### TASK ITEM:
Nothing but an exact reproduction of the records, pictures excluded, should be returned.

++++++++++++++++++++

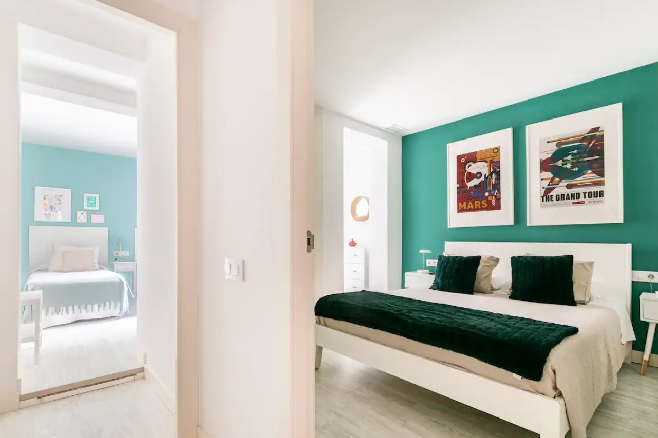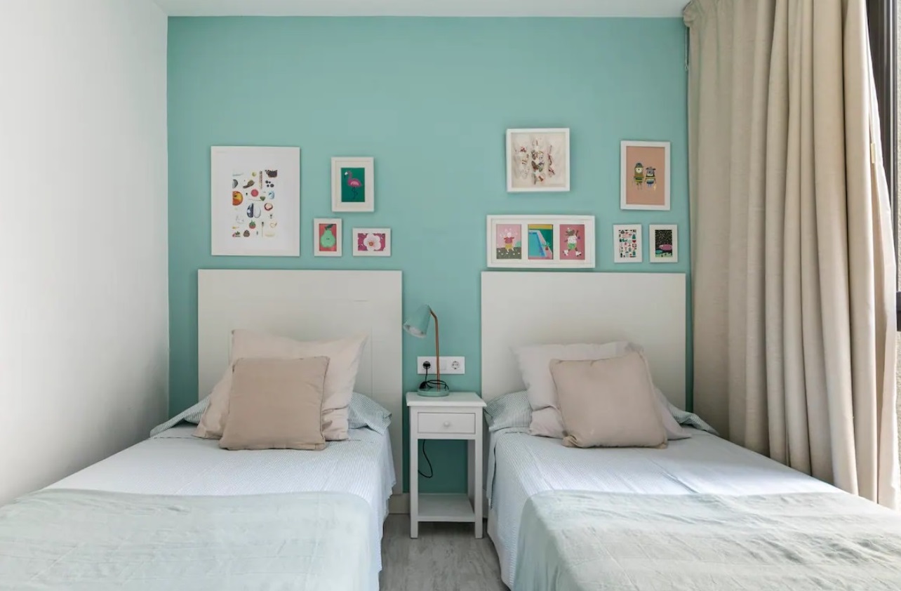 Segundo dormitorio con camas individuales y segundo baño completo en el pasillo.
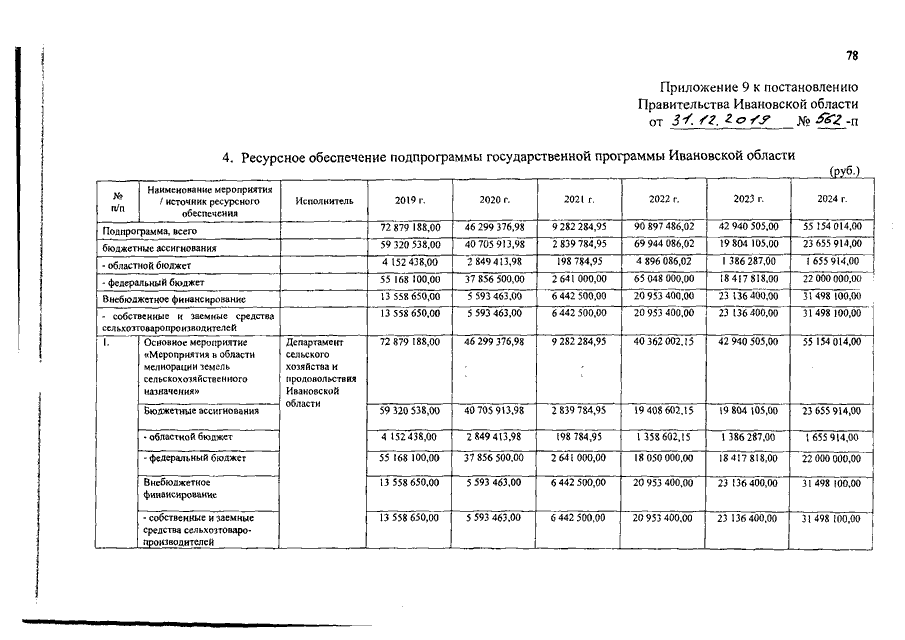 Постановление Правительства Ивановской области от 31.12.2019 N 562-п "О внесении изменений в постановление Правительства Ивановской области от 13.11.2013 N 451-п "Об утверждении государственной программы Ивановской области "Развитие сельского хозяйства и регулирование рынков сельскохозяйственной продукции, сырья и продовольствия Ивановской области" (вместе с "Подпрограммой "Развитие малых форм хозяйствования и сельскохозяйственной потребительской кооперации", "Подпрограммой "Комплексное развитие сельских территорий")
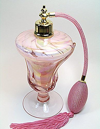 Material: Crystal glass made by hand and mouth blew. Size: 81 mm x 81 mm x 170 mm ( 1 inch = 25.4 mm ) Capacity: 110 ml. Finished: Pink/ opaque glass and bright-colored with pink tassel spray mounting. Genuine brass collar attached. Feature: Perfume refillable. Presents for all occasions. Small funnel attached.
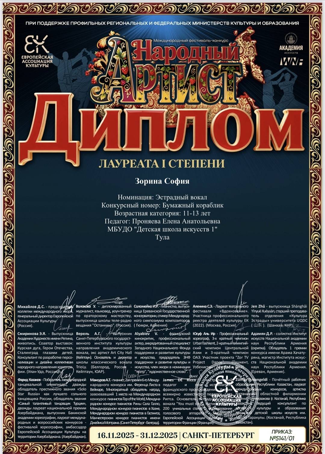 Поздравляем Софию Зорину - лауреата 1 степени Международного конкурса «Народный артист»!
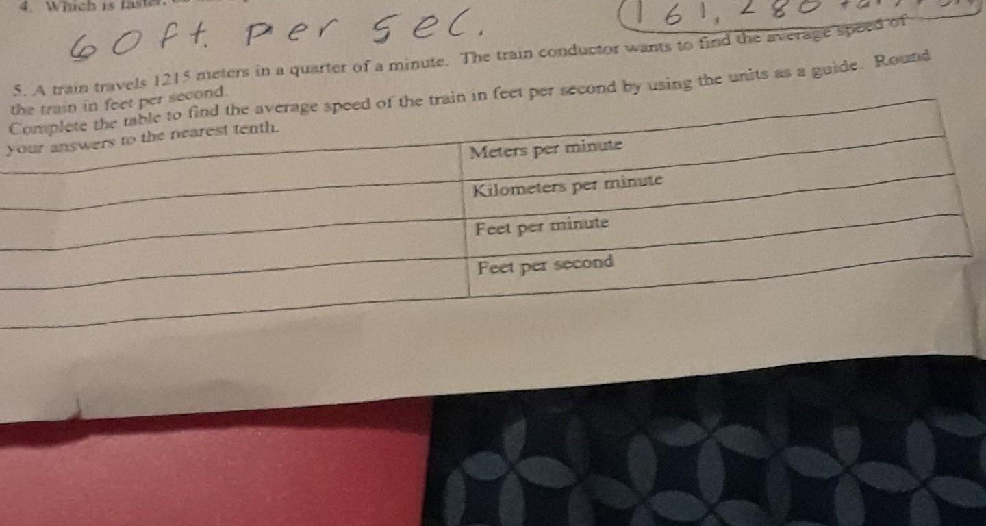 a train travels at 1215 mean in a quarter of a minutecomplete the table to find the average speed of the train and feet per seco
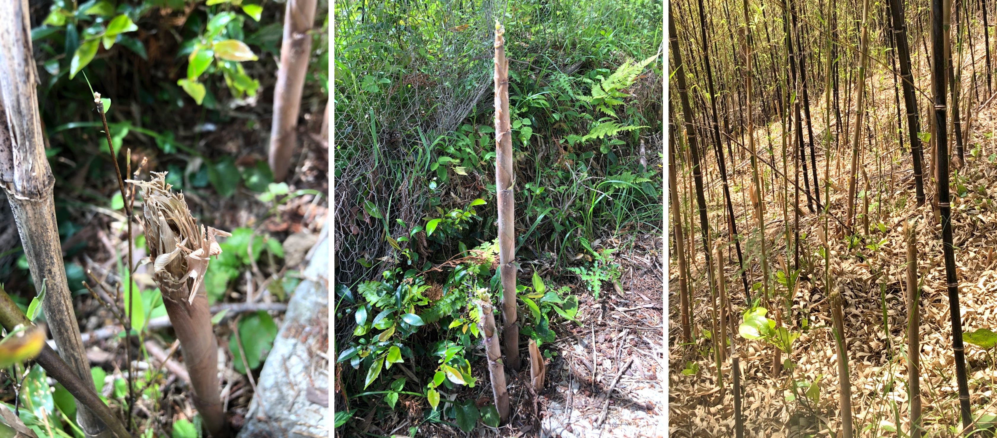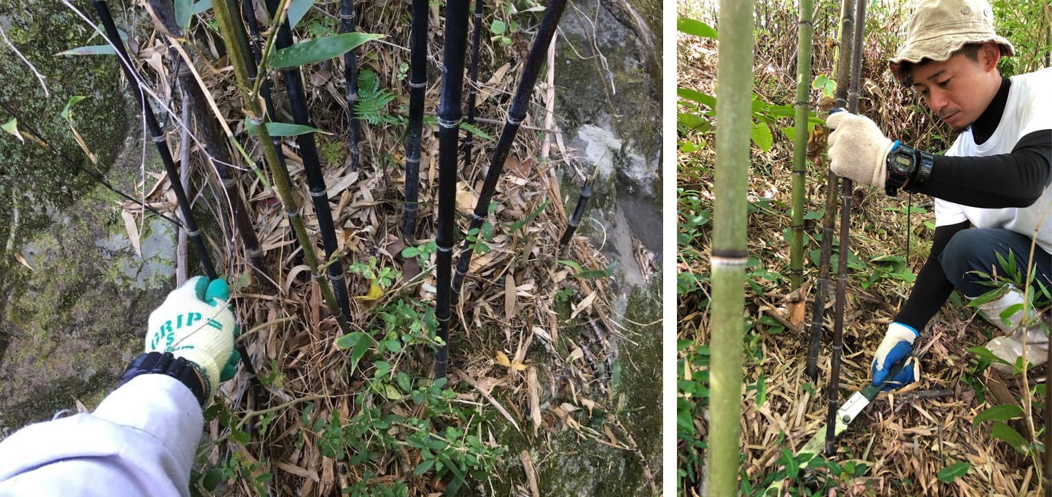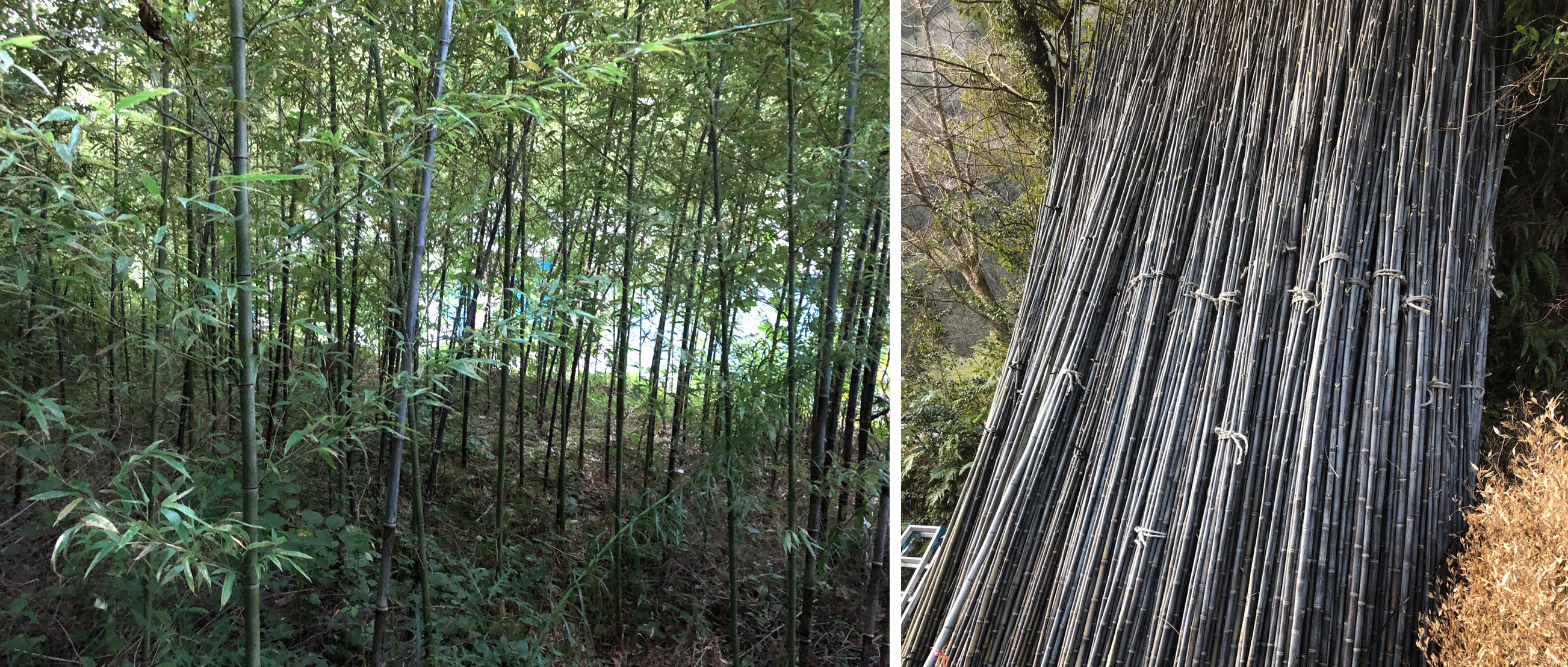 【山に群生している黒竹(写真:左) 伐(き)ってきた所(写真:右)】
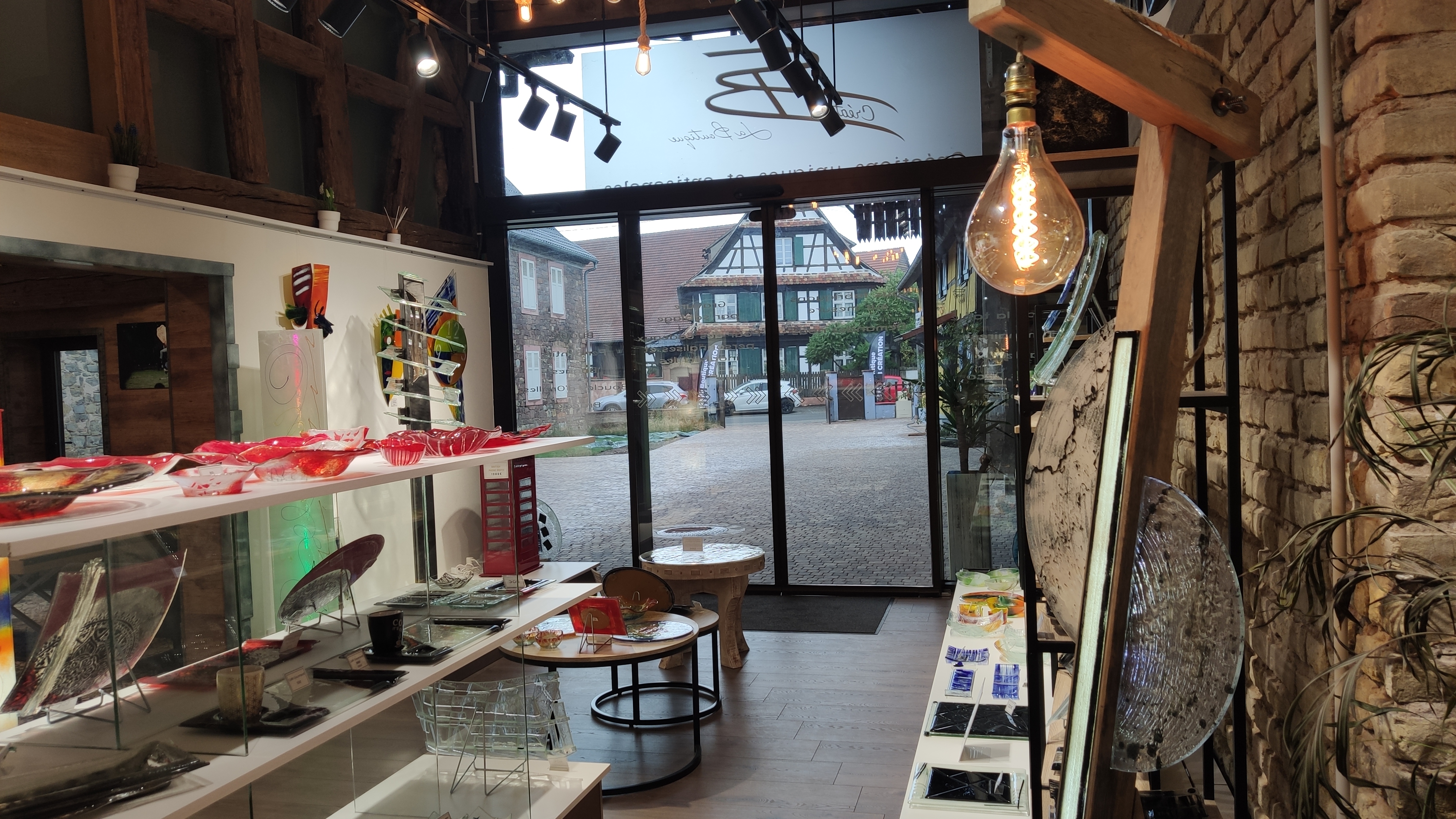 Très bon accueil dans un magnifique atelier installé dans une grange, belle découverte de l'art du Fusing, une belle boutique pour des idées cadeau. On a hâte de récupérer notre travail. J'ai enfin notre abreuvoir pour les oiseaux en forme de fleur et mon mari a fait une lampe. On a passé un superbe moment et on est vraiment ravi de cette expérience.
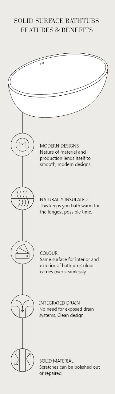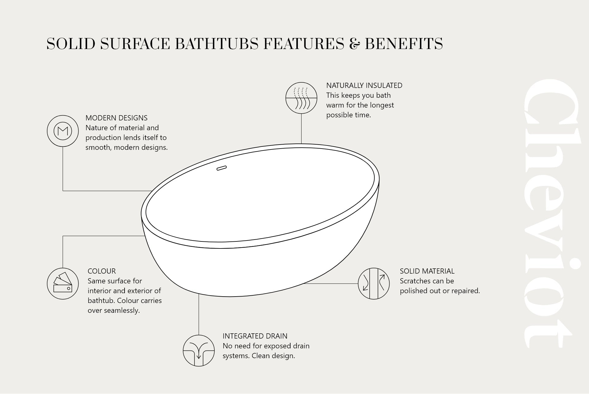 The solid-surface body retains heat for longer, ensuring a consistently comfortable soak, and its smooth, non-porous finish resists stains, scratches, and fading for effortless maintenance. With its low, elongated profile and subtle proportions, the Genoa brings quiet sophistication and tactile comfort to any design palette.
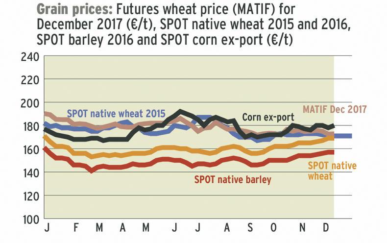 March/May prices are around €172/t for wheat and €160/t for barley, but there are not many buyers this far out. November new-crop prices are similar at €168 to €170/t for wheat and €158/t for barley.
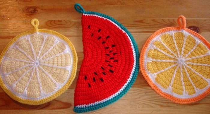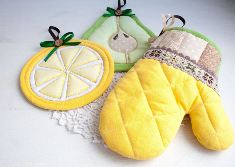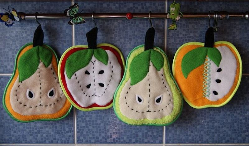 Ярките атрактивни ръкавици под формата на плодове не само ще украсят кухнята, но и ще напомнят на студената зима за топлото слънчево лято.

++++++++++++++++++++

### RESULT FOR THIS TASK:
 Segundo dormitorio con camas individuales y segundo baño completo en el pasillo.
 Постановление Правительства Ивановской области от 31.12.2019 N 562-п "О внесении изменений в постановление Правительства Ивановской области от 13.11.2013 N 451-п "Об утверждении государственной программы Ивановской области "Развитие сельского хозяйства и регулирование рынков сельскохозяйственной продукции, сырья и продовольствия Ивановской области" (вместе с "Подпрограммой "Развитие малых форм хозяйствования и сельскохозяйственной потребительской кооперации", "Подпрограммой "Комплексное развитие сельских территорий")
 Material: Crystal glass made by hand and mouth blew. Size: 81 mm x 81 mm x 170 mm ( 1 inch = 25.4 mm ) Capacity: 110 ml. Finished: Pink/ opaque glass and bright-colored with pink tassel spray mounting. Genuine brass collar attached. Feature: Perfume refillable. Presents for all occasions. Small funnel attached.
 Поздравляем Софию Зорину - лауреата 1 степени Международного конкурса «Народный артист»!
 a train travels at 1215 mean in a quarter of a minutecomplete the table to find the average speed of the train and feet per seco
 【山に群生している黒竹(写真:左) 伐(き)ってきた所(写真:右)】
 Très bon accueil dans un magnifique atelier installé dans une grange, belle découverte de l'art du Fusing, une belle boutique pour des idées cadeau. On a hâte de récupérer notre travail. J'ai enfin notre abreuvoir pour les oiseaux en forme de fleur et mon mari a fait une lampe. On a passé un superbe moment et on est vraiment ravi de cette expérience.
 The solid-surface body retains heat for longer, ensuring a consistently comfortable soak, and its smooth, non-porous finish resists stains, scratches, and fading for effortless maintenance. With its low, elongated profile and subtle proportions, the Genoa brings quiet sophistication and tactile comfort to any design palette.
 March/May prices are around €172/t for wheat and €160/t for barley, but there are not many buyers this far out. November new-crop prices are similar at €168 to €170/t for wheat and €158/t for barley.
 Ярките атрактивни ръкавици под формата на плодове не само ще украсят кухнята, но и ще напомнят на студената зима за топлото слънчево лято.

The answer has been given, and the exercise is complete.